Postmodification with Polycations Enhances Key Properties of Alginate-Based Multicomponent Microcapsules.

Postmodification of alginate-based microspheres with polyelectrolytes (PEs) is commonly used in the cell encapsulation field to control microsphere stability and permeability. However, little is known about how different applied PEs shape the microsphere morphology and properties, particularly in vivo. Here, we addressed this question using model multicomponent alginate-based microcapsules postmodified with PEs of different charge and structure. We found that the postmodification can enhance or impair the mechanical resistance and biocompatibility of microcapsules implanted into a mouse model, with polycations surprisingly providing the best results.
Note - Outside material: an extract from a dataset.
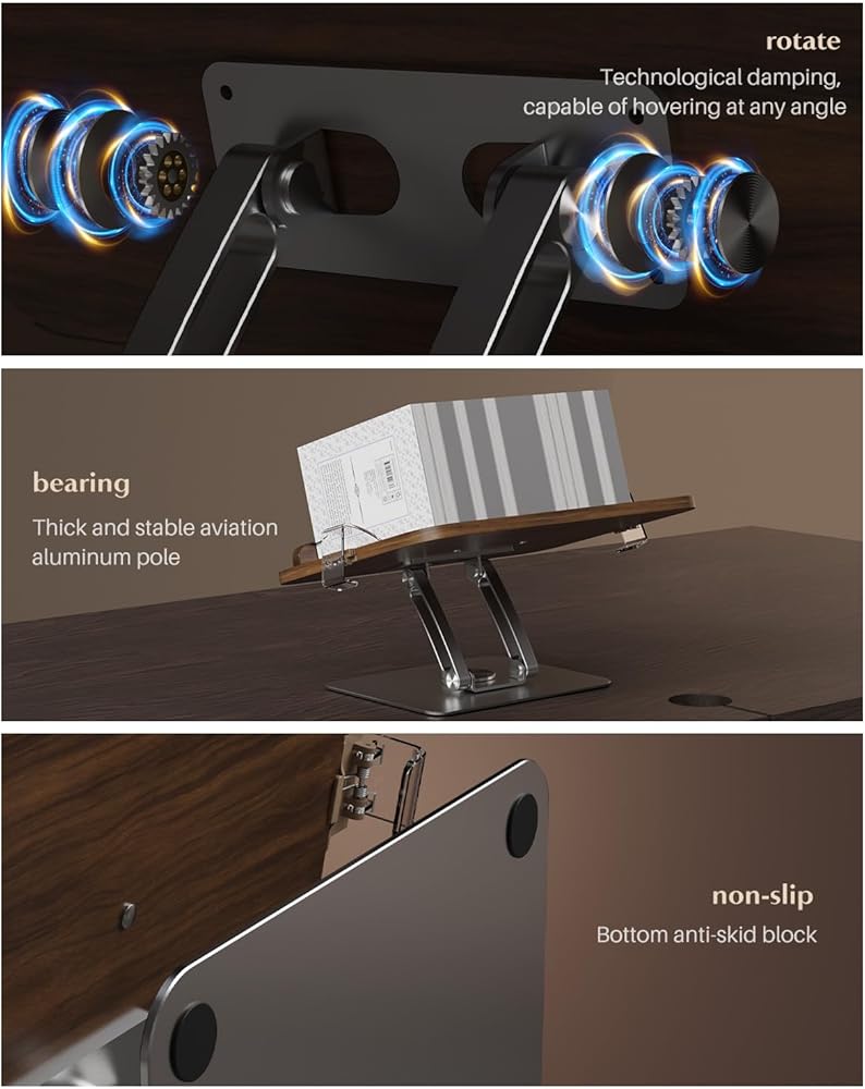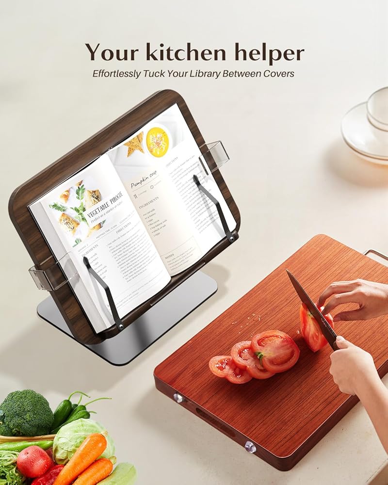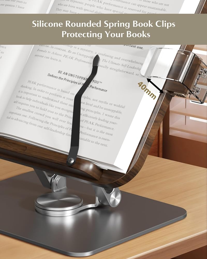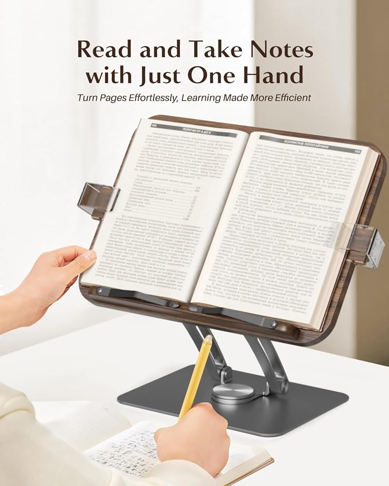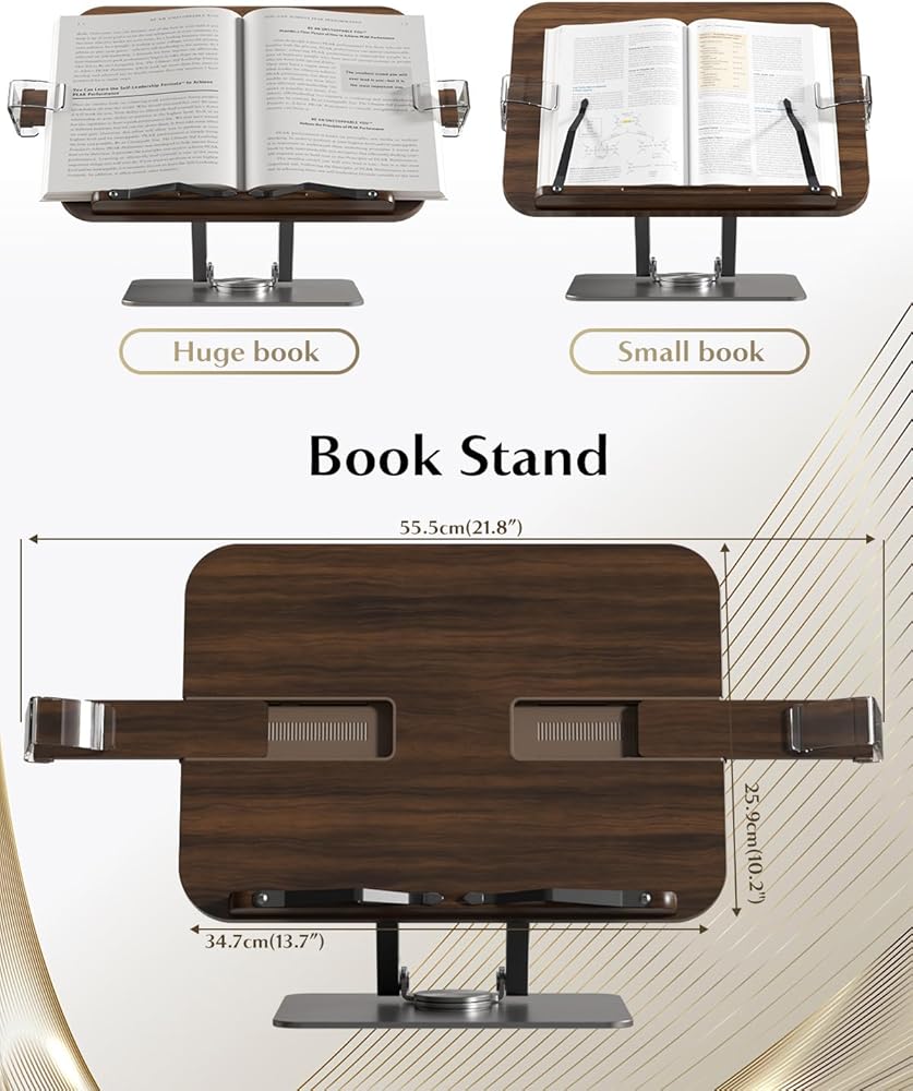 the Book Stand for Reading: Meticulously crafted from high-quality FAS solid wood, paired with an aviation aluminum rod base, this stand guarantees not only exceptional durability but also boasts an anodized coating for enduring protection against rust and corrosion. Effortless to install, its super stylish design seamlessly complements any setting, be it your home, workplace, classroom, music studio, kitchen, or beyond!

Confocal Raman microscopy and confocal laser scanning microscopy (CLSM) analyses revealed stable interpolyelectrolyte complex layers within the parent microcapsule, hindering the access of higher molar weight PEs into the microcapsule core. All microcapsules showed negative surface zeta potential, indicating that the postmodification PEs get hidden within the microcapsule membrane, which agrees with CLSM data. Human whole blood assay revealed complex behavior of microcapsules regarding their inflammatory and coagulation potential. Importantly, most of the postmodification PEs, including polycations, were found to be benign toward the encapsulated model cells.